N. Korea slams South's 'lunatic' military display
South Korean tanks and mounted heavy artillery take part in a ceremony marking the 65th anniversary of the founding of South Korea's Armed Forces in downtown Seoul on October 1, 2013
Tuesday's display of weaponry in Seoul was the largest for a decade, involving 11,000 troops, 120 aircraft, tanks, heavy artillery and a range of missiles.
Although North Korea regularly stages far larger military parades in Pyongyang, it took exception to what it saw as a provocative, confrontational exercise.
"The puppets staged an unprecedented display of lunatic hostility," said the official ruling party mouthpiece, Rodong Sinmun.

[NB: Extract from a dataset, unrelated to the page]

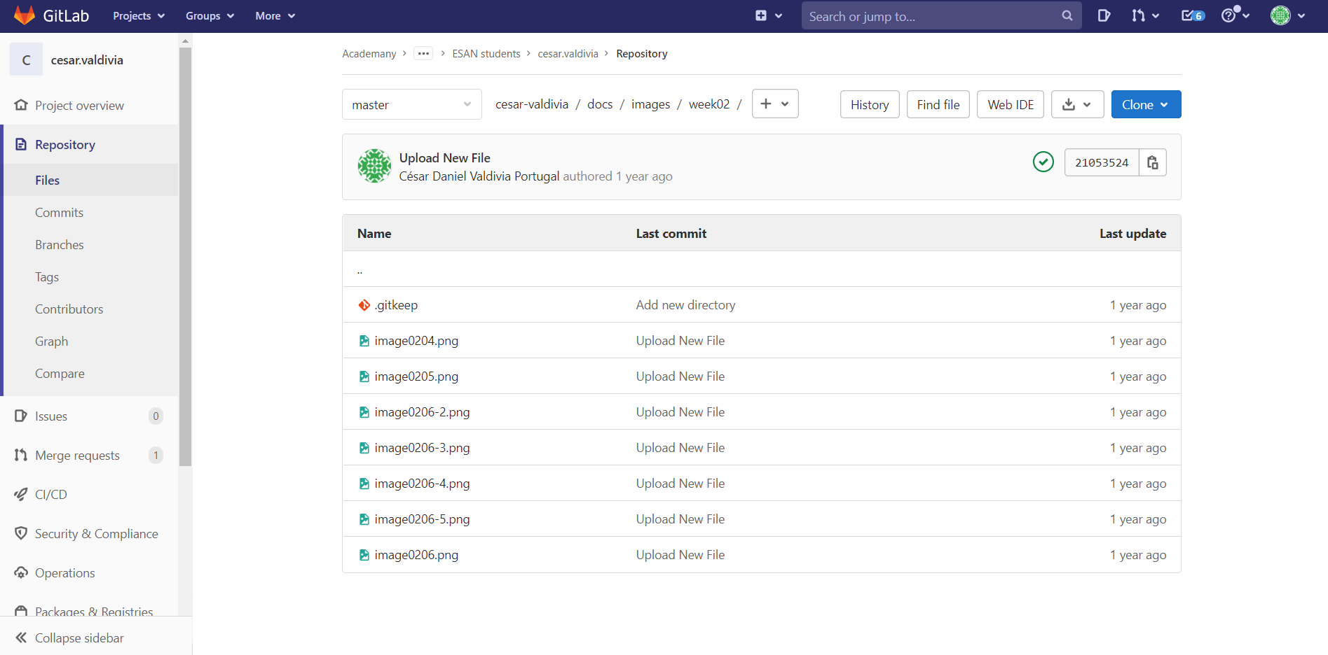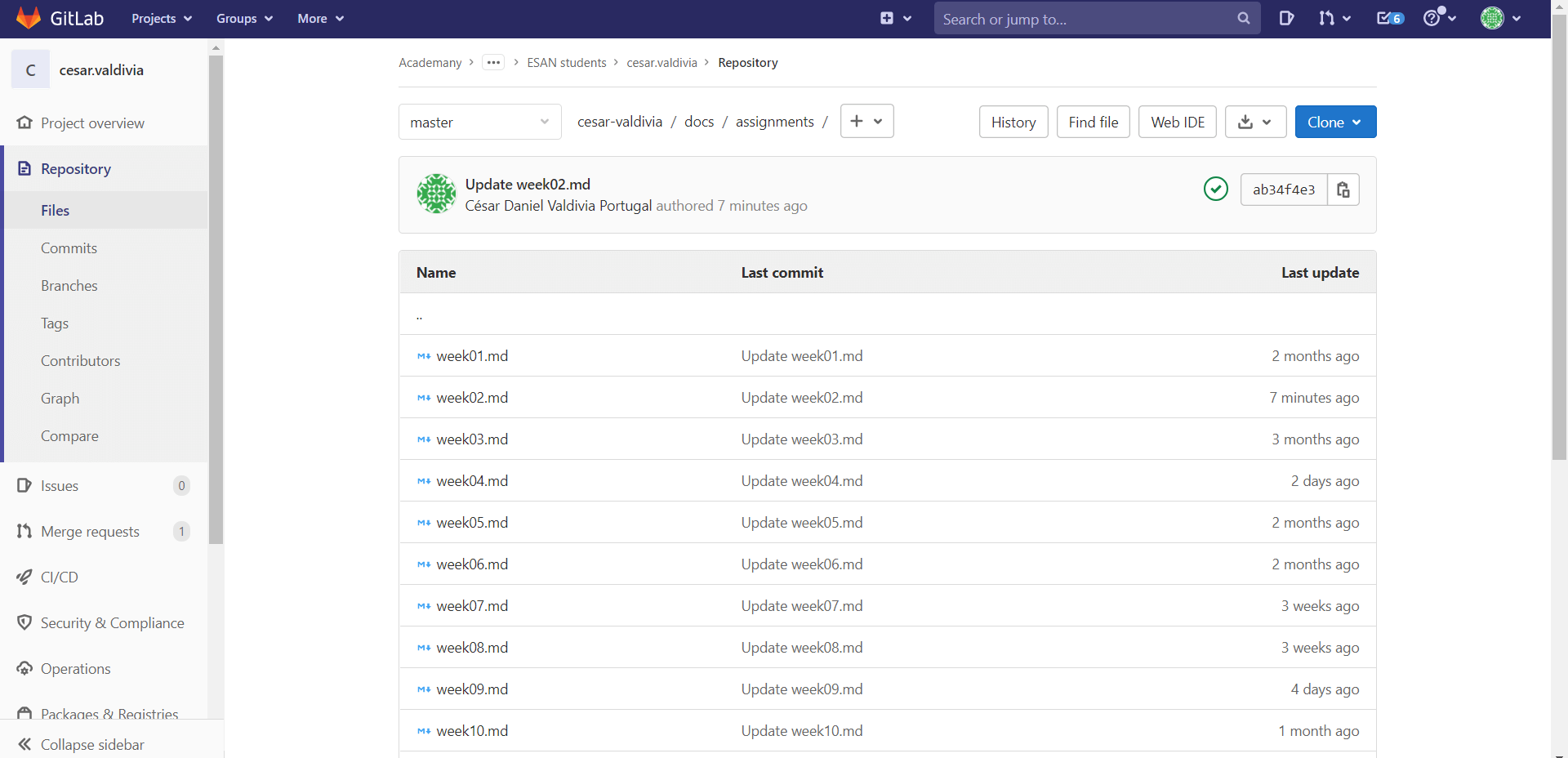 Next I will guide you about the steps that must be followed to upload content to the page through GitLab, first we must enter our username and password and we will find ourselves in this main screen, I consider that the most important options are the window of the left called Project overview since we can visualize different events related to the changes made in our repository.

The newspaper said the parade was aimed at strengthening "military collusion" with the United States and "spurring preparations to attack the North".
US Defense Secretary Chuck Hagel was the guest of honour at Tuesday's event, which marked the 65th anniversary of the founding of the South Korean armed forces.
Hagel was on a visit to underscore US commitment to its military alliance with South Korea, where 28,500 US troops are stationed.
Tuesday's "confrontational circus" showed the true nature of South Korea and the United States as "destroyers of inter-Korean dialogue", the Rodong Sinmun said.
The parade marked the first public outing of a new high-precision cruise missile, the Hyeonmu 3, which military officials say is capable of targeting the office windows of North Korean leaders.
A nuclear test by North Korea in February triggered moths of heightened military tensions on the Korean peninsula that have only recently subsided.
In her keynote speech at the military display in Seoul, President Park Geun-Hye warned of the "very grave" threat posed by Pyongyang's nuclear weapons programme and stressed the need for South Korea to develop a sophisticated deterrent capability.